### What this task involves
The reply should contain the full listing exactly as written and no pictures at all.

── Material to process

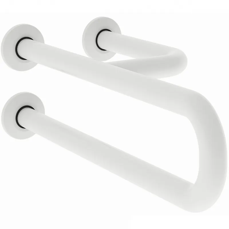 Поручень Nofer 15048.W. Предназначен для людей с ограниченными возможностями.Характеристики: Цвет: белый. Материал: нержавеющая сталь AISI 304 толщиной 1,5 мм. Размеры (ШхВхД): 60х24х23,4 см. Диаметр трубы: 3,2 см. Максимальная нагрузка: 120 кг. Ориентация: левая. Монтаж: на стену. Имеет три точки опоры. В комплекте поставки: поручень.
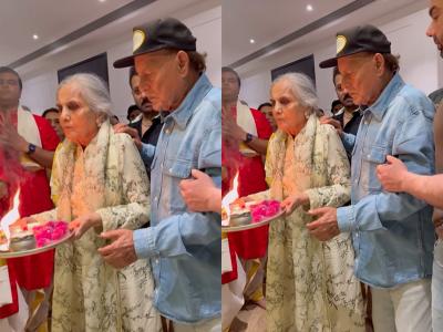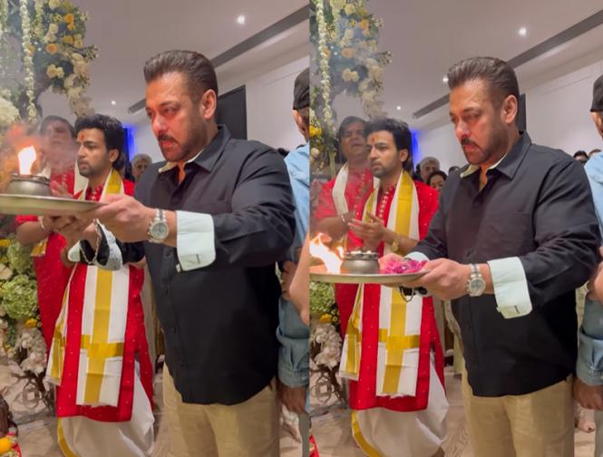 वीडियो में सलमान आरती करते हैं फिर उसकी मां सलमा और पिता सलीम खान आरती करते हैं।
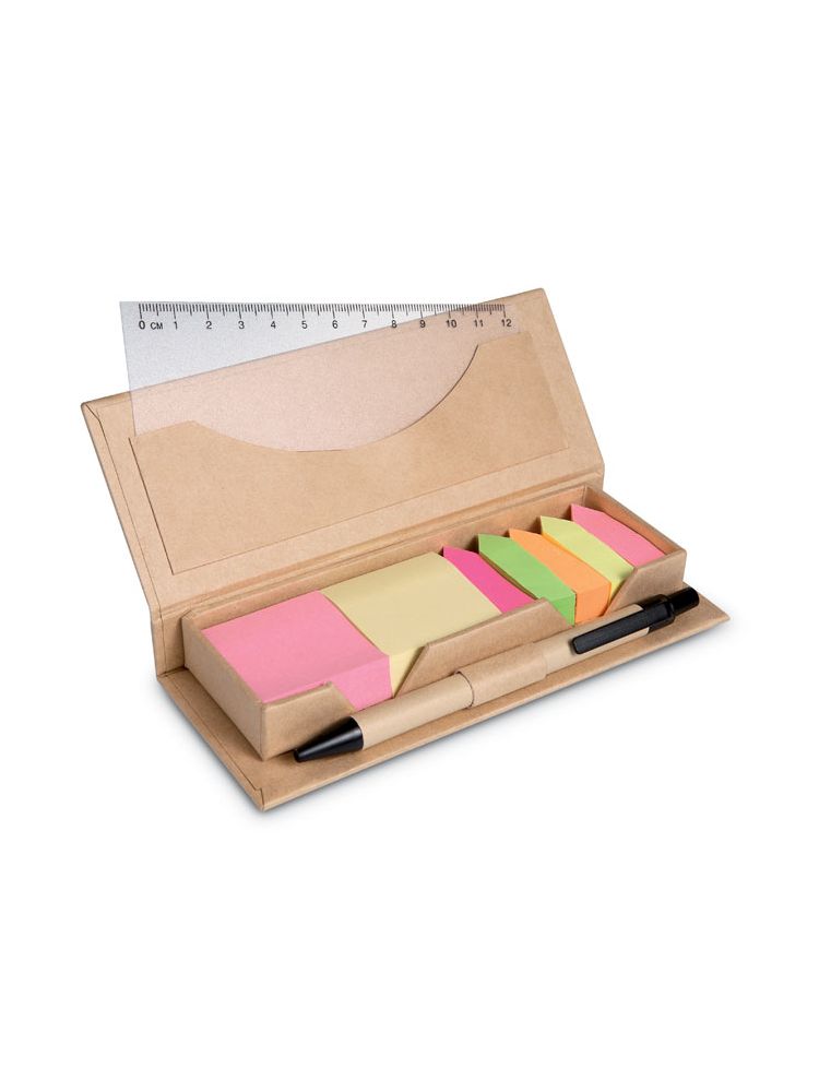 Przybornik na karteczki samoprzylepne z tektury z recyklingu z pasującym długopisem. Średnie karteczki samoprzylepne z papieru z recyklingu w 2 kolorach i 5 markerów w różnych kolorach. Dopasowany długopis z przyciskiem i papierowym wkładem. Niebieski tusz. Uchwyt na długopis. Kieszeń z przezroczystą linijką PP 12 cm.
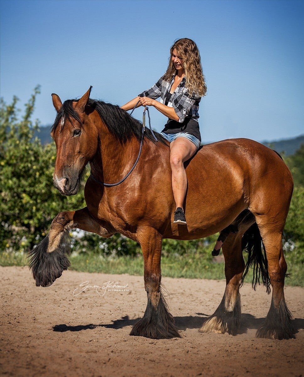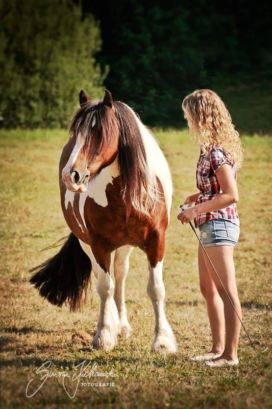 Dancer ist für mich mein absoluter Goldschatz, er begleitet mich nun schon 20 Jahre, mehr als mein halbes Leben. Dancer war mein erstes eigenes Pferd und schon sehr früh war ich ein Tinker-Fan. Eine Freundin züchtete Tinker und somit war es für mich naheliegend, dass mein erstes Pferd ein Tinker sein sollte. Dancer ist mit 10 Monaten bei mir und zwei Haflingern meines damaligen Freundes eingezogen. Mit 3 Jahren ließ ich ihn kastrieren. Dancer ist einfach eine Seele von Pferd. Er ist extrem gutmütig und sanft und eine absolute Lebensversicherung. Er ist verdammt nervenstark und liebt die Freiarbeit. Dort verschmelzen wir beide und sind in unserer Welt. Zirkuslektionen sind nicht so sein Ding, das haben wir irgendwann sein lassen, da ich möchte, dass meine Pferde Spaß an der Arbeit haben und möchte nichts aufzwingen, nur damit er es beherrscht.
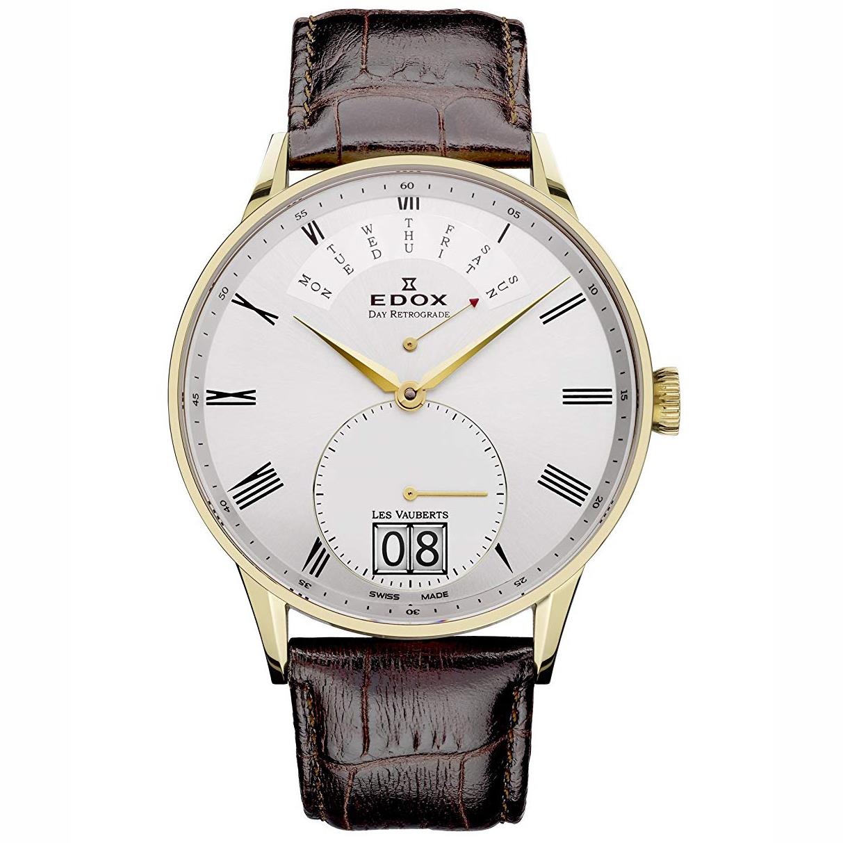 ساعت مچی مردانه/پسرانه ادکس EDOX با طراحی کلاسیک بند چرم قهوه ای با قاب گرد طلایی و صفحه نقره ای مجهز به اعداد یونانی با شیشه ضد خش و موتور با قابلیت تقویم روز و ماه,ثانیه زیر با انرژی باطری و از خانواده Les Vauberts این ساعت مچی مردانه به همراه دو سال گارانتی بین المللی شرکت جام جم ارائه میگردد
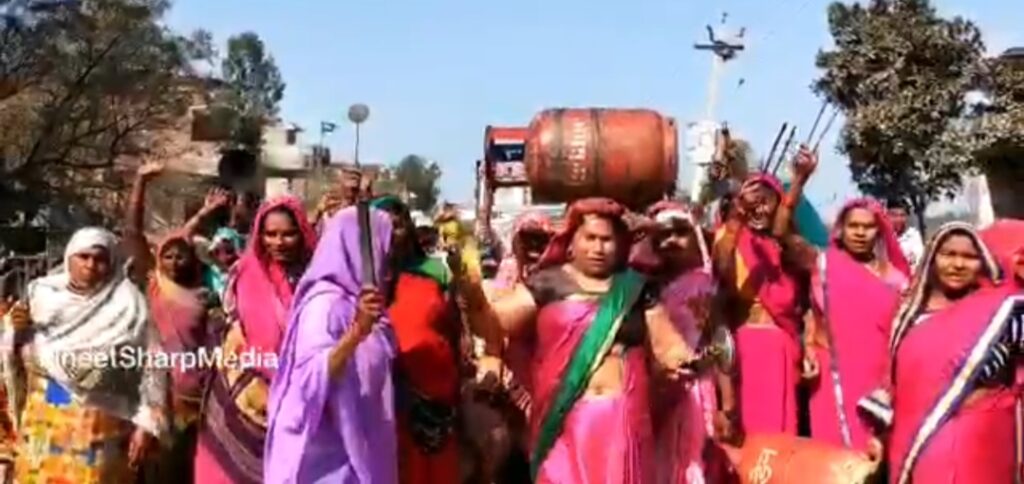 *महंगाई के विरुद्ध गुलाबी गैंग लोकतान्त्रिक ने भरी हुंकार, खाली गैस सिलेंडर लेकर निकाला मोर्चा*
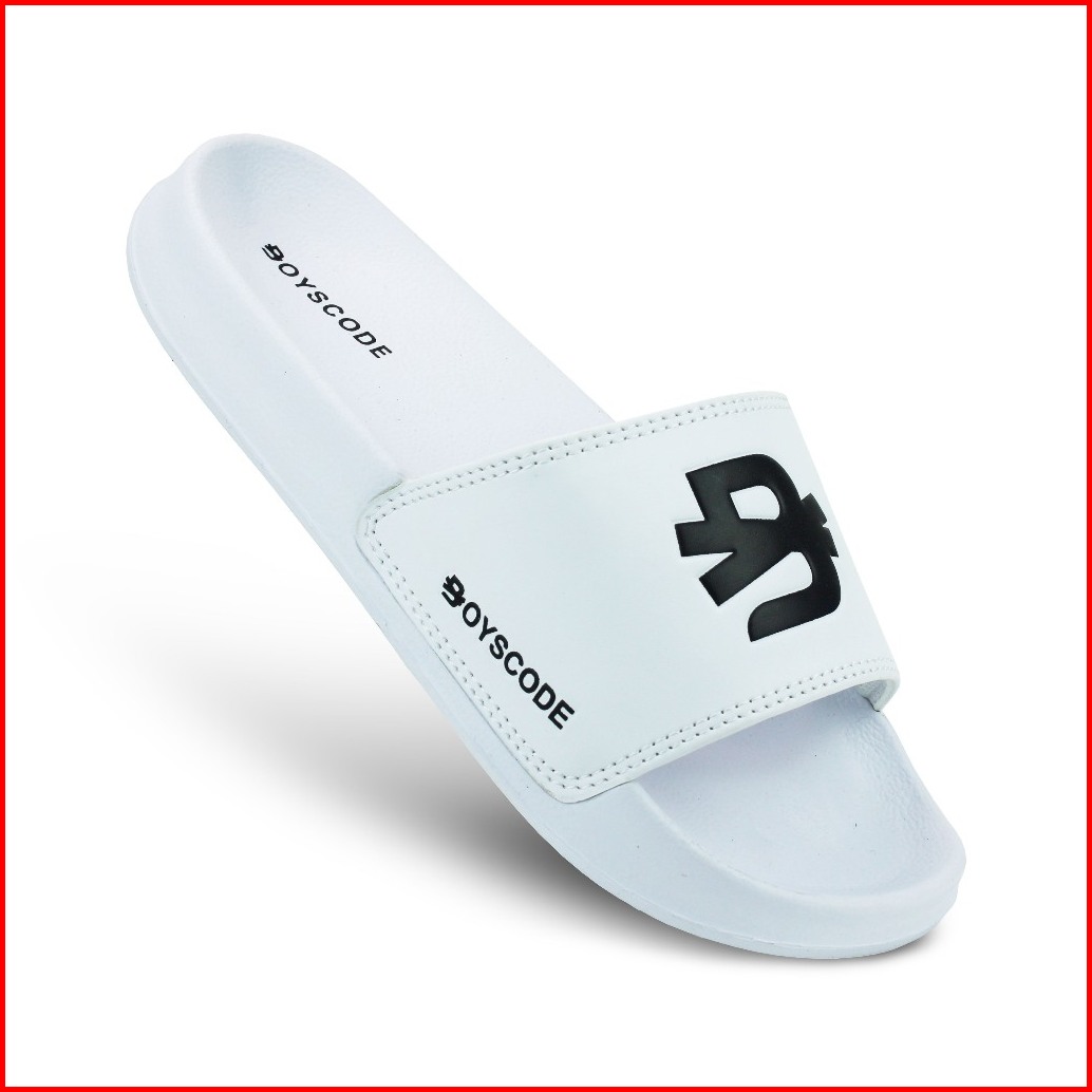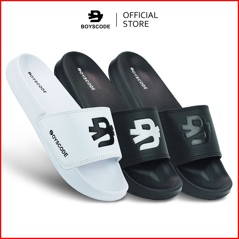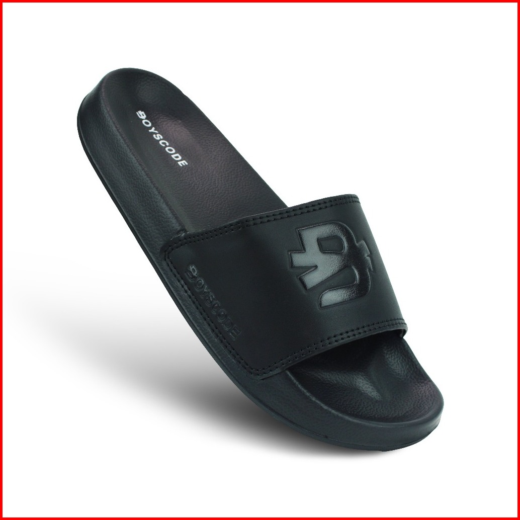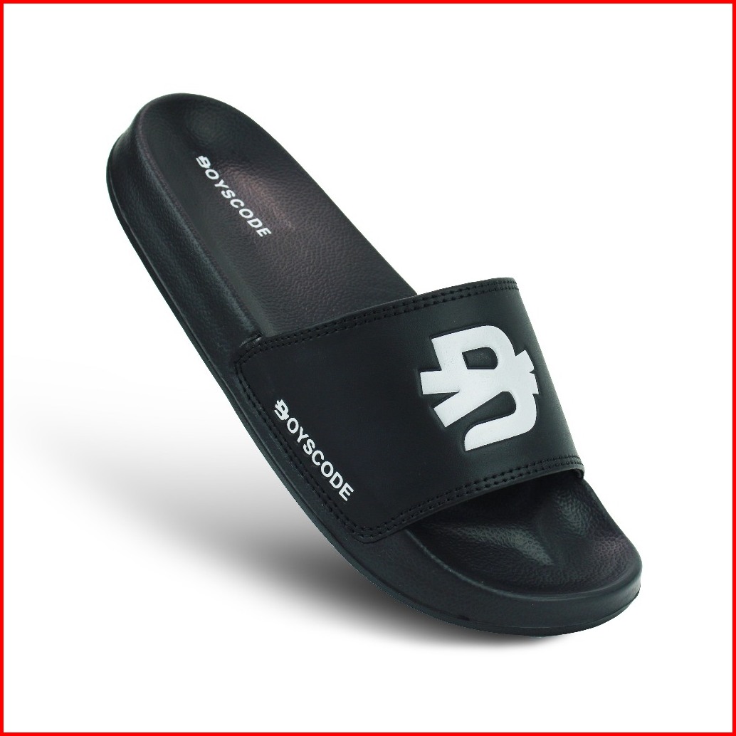 Boyscode Sendal Selop Karet Pria Wanita Motif Big Logo Hitam Putih Fullblack Slip On Slide

────

### Result of this task
 Поручень Nofer 15048.W. Предназначен для людей с ограниченными возможностями.Характеристики: Цвет: белый. Материал: нержавеющая сталь AISI 304 толщиной 1,5 мм. Размеры (ШхВхД): 60х24х23,4 см. Диаметр трубы: 3,2 см. Максимальная нагрузка: 120 кг. Ориентация: левая. Монтаж: на стену. Имеет три точки опоры. В комплекте поставки: поручень.
 वीडियो में सलमान आरती करते हैं फिर उसकी मां सलमा और पिता सलीम खान आरती करते हैं।
 Przybornik na karteczki samoprzylepne z tektury z recyklingu z pasującym długopisem. Średnie karteczki samoprzylepne z papieru z recyklingu w 2 kolorach i 5 markerów w różnych kolorach. Dopasowany długopis z przyciskiem i papierowym wkładem. Niebieski tusz. Uchwyt na długopis. Kieszeń z przezroczystą linijką PP 12 cm.
 Dancer ist für mich mein absoluter Goldschatz, er begleitet mich nun schon 20 Jahre, mehr als mein halbes Leben. Dancer war mein erstes eigenes Pferd und schon sehr früh war ich ein Tinker-Fan. Eine Freundin züchtete Tinker und somit war es für mich naheliegend, dass mein erstes Pferd ein Tinker sein sollte. Dancer ist mit 10 Monaten bei mir und zwei Haflingern meines damaligen Freundes eingezogen. Mit 3 Jahren ließ ich ihn kastrieren. Dancer ist einfach eine Seele von Pferd. Er ist extrem gutmütig und sanft und eine absolute Lebensversicherung. Er ist verdammt nervenstark und liebt die Freiarbeit. Dort verschmelzen wir beide und sind in unserer Welt. Zirkuslektionen sind nicht so sein Ding, das haben wir irgendwann sein lassen, da ich möchte, dass meine Pferde Spaß an der Arbeit haben und möchte nichts aufzwingen, nur damit er es beherrscht.
 ساعت مچی مردانه/پسرانه ادکس EDOX با طراحی کلاسیک بند چرم قهوه ای با قاب گرد طلایی و صفحه نقره ای مجهز به اعداد یونانی با شیشه ضد خش و موتور با قابلیت تقویم روز و ماه,ثانیه زیر با انرژی باطری و از خانواده Les Vauberts این ساعت مچی مردانه به همراه دو سال گارانتی بین المللی شرکت جام جم ارائه میگردد
 *महंगाई के विरुद्ध गुलाबी गैंग लोकतान्त्रिक ने भरी हुंकार, खाली गैस सिलेंडर लेकर निकाला मोर्चा*
 Boyscode Sendal Selop Karet Pria Wanita Motif Big Logo Hitam Putih Fullblack Slip On Slide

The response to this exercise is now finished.